The final chapter details how Israel reshaped international law regarding the use of force against non-state actors. In an effort to justify a policy of targeted killings that Israel began during the Second Intifada, Israeli lawyers claimed the current conflict to be unique. It was not quite a war, so the enemy did not deserve the rights and protections provided by the laws of armed combat. However, it was intense enough to be considered analogous to war and thus justify warlike activities. Israel asserted that it had the right to kill suspected enemies as a form of national self-defense. When it started assassinating Palestinian leaders, both the Clinton and Bush administrations condemned its actions. After the terror attacks on September 11, 2001, successive US administrations embraced Israeli counterterrorism policies and their legal justifications, demonstrating Erakat’s point that transgressions of current law can become the new norm if enough of the international community accepts them.

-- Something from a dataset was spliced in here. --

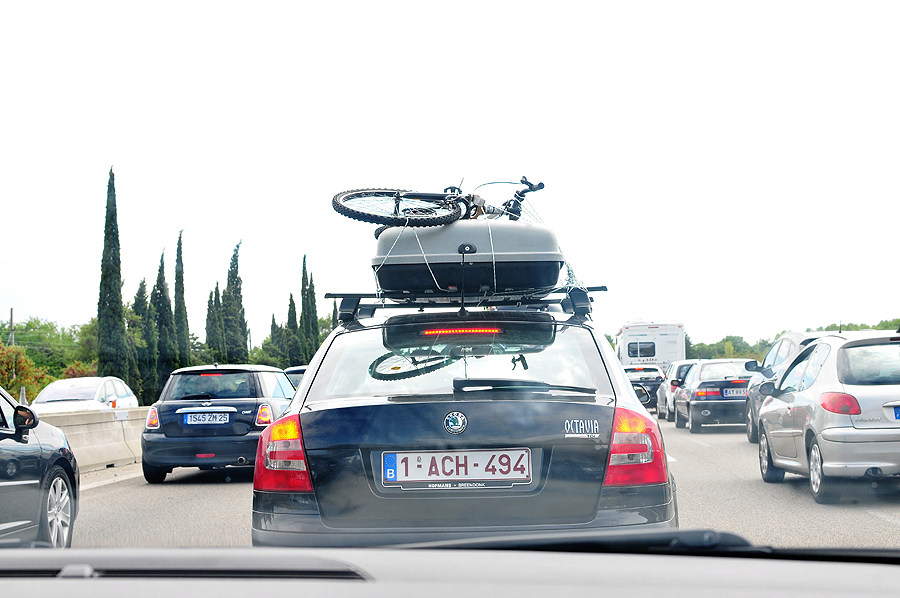 Važiuojame link Avinjono - mokamos autostrados ir kamščiai vidury dienos - visi mina link jūros. Trijų juostų kelias užsikimšęs visiškai. Bandom išsukti į šoninį keliuką.

While much of the book explores Israel’s legal work, Erakat focuses some of her fire on Palestinian leaders. She rightfully criticizes the PLO for its ham-fisted negotiation efforts leading to the Oslo Accords but gives the reader little reason to believe that a more sophisticated, legally coherent negotiation strategy would have produced anything better—especially considering the gross imbalance of power inherent in direct peace talks. Erakat also insists Jewish sovereignty requires domination of Palestinians, but that the inverse is not true. The former assertion is clearly true, at least in practice. However, few Israelis believe the latter is true, and even fewer are willing to find out. Continued violence, the author writes, is inevitable because no just resolution can be achieved without confronting Jewish colonization and Palestinians have the right to fight for their freedom. The right question, therefore, is not how to avoid conflict but how to make it worthwhile. Palestinians have to decide on a political framework worth pursuing and then do the legal work necessary to marshal international law for that purpose. Erakat does not suggest what this political framework should be, only that it needs to respect the human rights and dignity of both peoples. She insists that Israel has killed off the two-state solution but that a one-state solution is no guarantee to Palestinian freedom since it could be an apartheid state. She ends her book with some hopeful words about how Palestine’s promise is to provide new models of governance that can “make humanity whole”—models Europe has failed to deliver. What these models might be is left up to imagination. Some readers will find this ambiguity an anticlimactic conclusion to an otherwise detailed discussion of law and politics in Palestine.

Dr. Robert C. DiPrizio
Associate Professor, Air Command and Staff College

 

 

The views expressed in the book review are those of the author(s) and do not reflect the official policy or position of the US government or the Department of Defense.